WORK REQUEST. Write out all the entries word for word and omit any pictures.

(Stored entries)
========================================
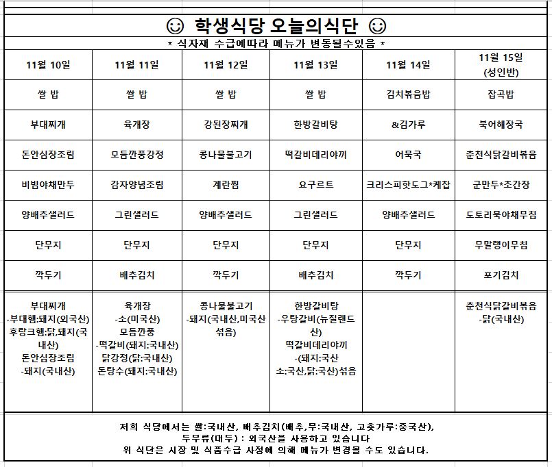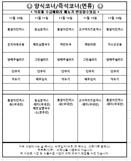 [공지] 11월2주차 학생식당 주간식단안내입니다. N
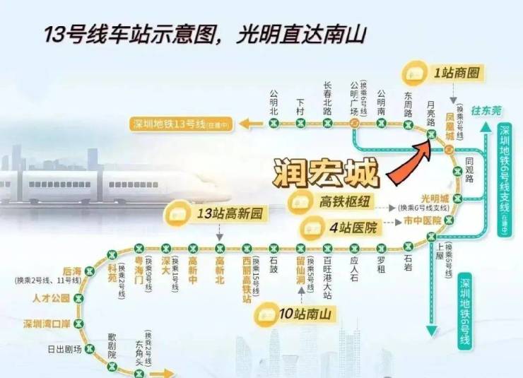 而地铁13号线是光明未来价值最高南北地铁线路,中途连接西丽留仙洞总部,深圳南山科技园,最终连接到深圳湾一带。
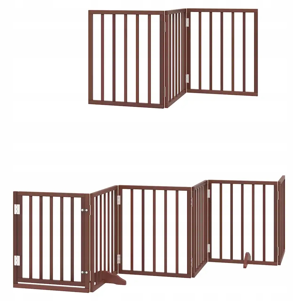 Ворота для собак складные, с дверцей, 9 панелей, коричневые, 450 см
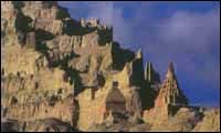 古格王国遗址在阿里扎达县札不让区象泉河畔的一座土山上,占地约18万平方米,是全国第一批重点文物保护单位之一。整个遗址建筑共有房屋洞窟300余处、佛塔(高10余米)3座、寺庙4座、殿堂2间及地下暗道2条,分上、中、下三层,依次为王宫、寺庙和民居。外围建有城墙,四角设有碉楼。在其红庙、白庙及轮回庙的雕刻造像及壁画中不乏精品。 古格王国是在公元十世纪前后,由吐蕃王朝末代赞普朗达玛的重孙吉德尼玛衮在王朝崩溃后,率领亲随逃往阿里建立起来的。十世纪中叶至十七世纪初,古格王国雄踞西藏西部,弘扬佛教,抵御外侮,在西藏吐蕃王朝以后的历史舞台上扮演了重要的角色。曾经有过七百年灿烂的文明史的古格王朝,它的消逝至今仍是个谜。据说1630年,与古格同宗的西部邻族拉达克人发动了入侵战争,古格王国就此灭亡。 近十数年间于古格遗址周围不断发掘出的造像、雕刻及壁画等是这个神秘王朝留给今人的宝贵财富。古格雕塑多 < 1 > < 2 >
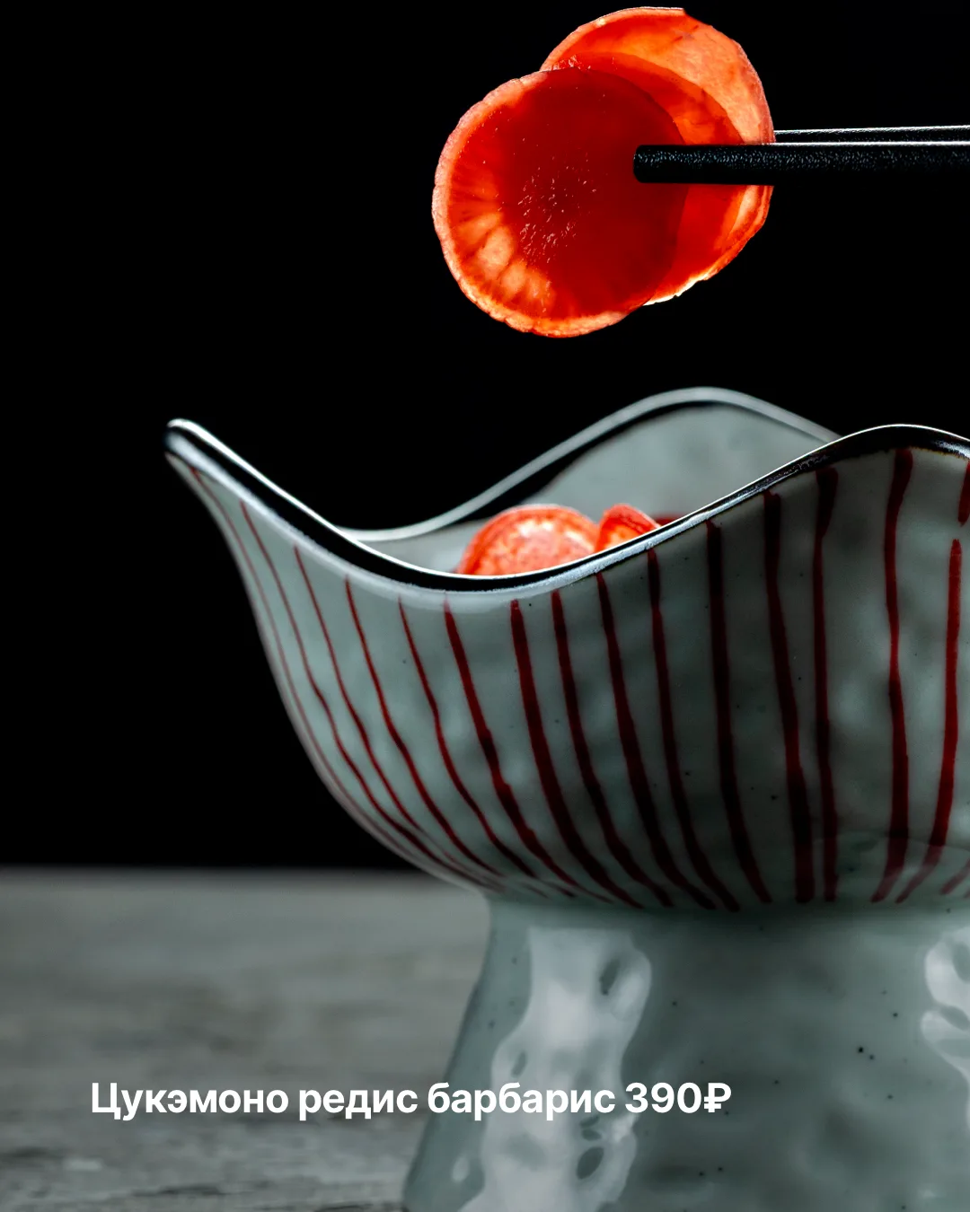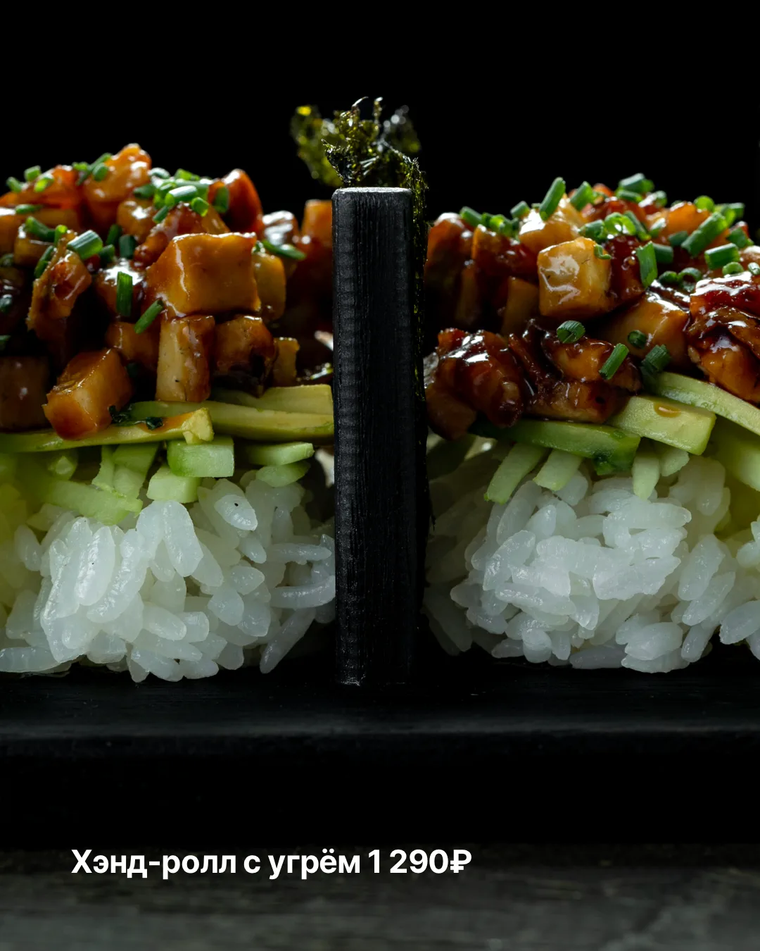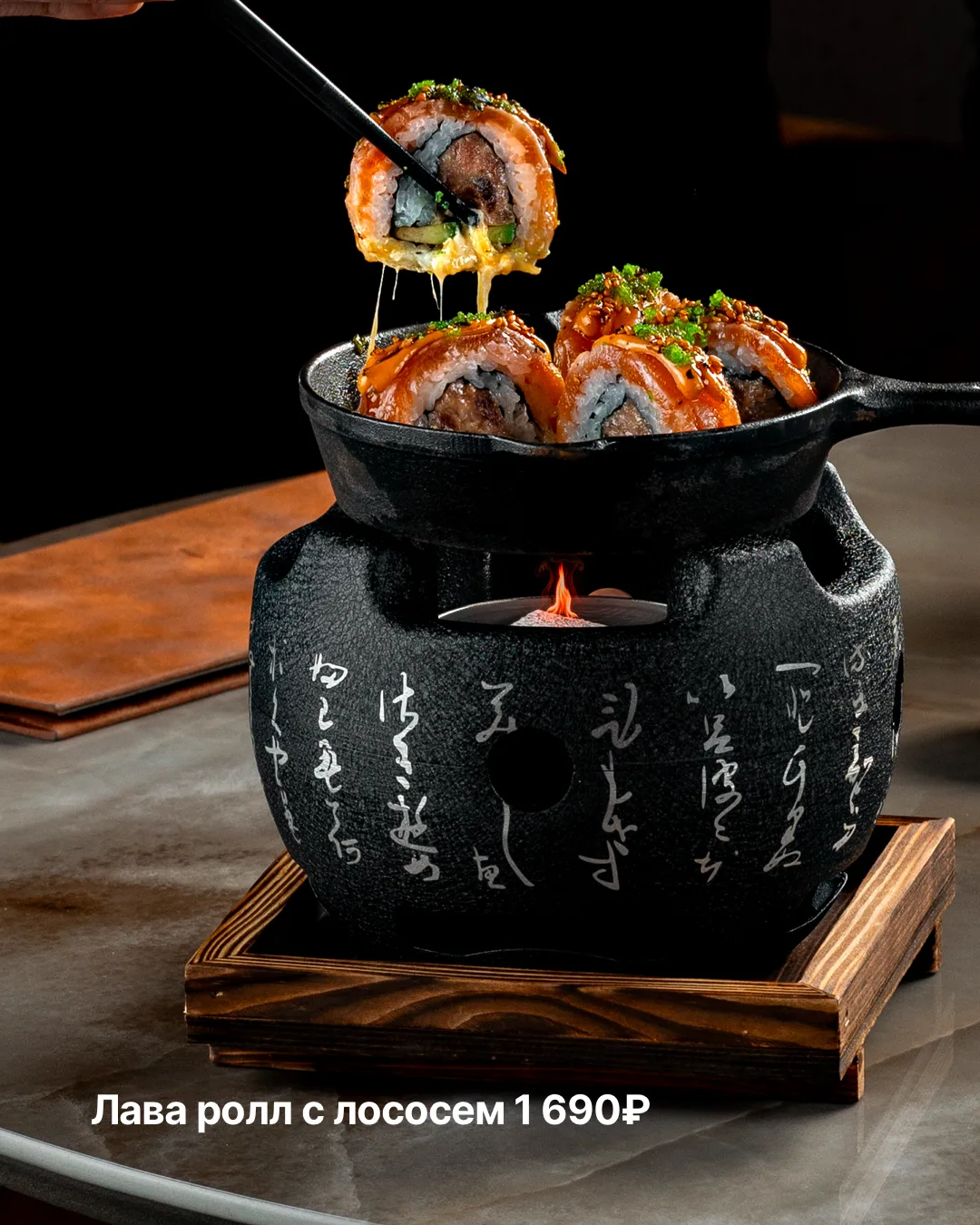 Также в меню — эффектный лава-ролл с лососем на раскалённой сковороде, хэнд-ролл с угрём и маринованный редис с барбарисом.
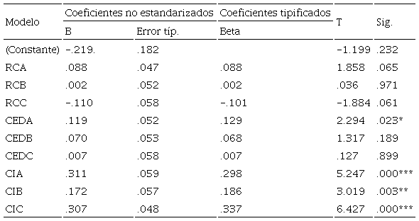 En la Tabla 5 se analizaron las dimensiones de cada constructo que mejor explican el modelo de negocio encontrándose que CIC (Capital relacionado a la organización), CIA (Capital humano), CIB (Capital estructural) y CEDA (Transmisión de conocimiento) son las dimensiones que explican significativamente a la variable modelo de negocio.
========================================
REPLY TO THE EXERCISE.
 [공지] 11월2주차 학생식당 주간식단안내입니다. N
 而地铁13号线是光明未来价值最高南北地铁线路,中途连接西丽留仙洞总部,深圳南山科技园,最终连接到深圳湾一带。
 Ворота для собак складные, с дверцей, 9 панелей, коричневые, 450 см
 古格王国遗址在阿里扎达县札不让区象泉河畔的一座土山上,占地约18万平方米,是全国第一批重点文物保护单位之一。整个遗址建筑共有房屋洞窟300余处、佛塔(高10余米)3座、寺庙4座、殿堂2间及地下暗道2条,分上、中、下三层,依次为王宫、寺庙和民居。外围建有城墙,四角设有碉楼。在其红庙、白庙及轮回庙的雕刻造像及壁画中不乏精品。 古格王国是在公元十世纪前后,由吐蕃王朝末代赞普朗达玛的重孙吉德尼玛衮在王朝崩溃后,率领亲随逃往阿里建立起来的。十世纪中叶至十七世纪初,古格王国雄踞西藏西部,弘扬佛教,抵御外侮,在西藏吐蕃王朝以后的历史舞台上扮演了重要的角色。曾经有过七百年灿烂的文明史的古格王朝,它的消逝至今仍是个谜。据说1630年,与古格同宗的西部邻族拉达克人发动了入侵战争,古格王国就此灭亡。 近十数年间于古格遗址周围不断发掘出的造像、雕刻及壁画等是这个神秘王朝留给今人的宝贵财富。古格雕塑多 < 1 > < 2 >
 Также в меню — эффектный лава-ролл с лососем на раскалённой сковороде, хэнд-ролл с угрём и маринованный редис с барбарисом.
 En la Tabla 5 se analizaron las dimensiones de cada constructo que mejor explican el modelo de negocio encontrándose que CIC (Capital relacionado a la organización), CIA (Capital humano), CIB (Capital estructural) y CEDA (Transmisión de conocimiento) son las dimensiones que explican significativamente a la variable modelo de negocio.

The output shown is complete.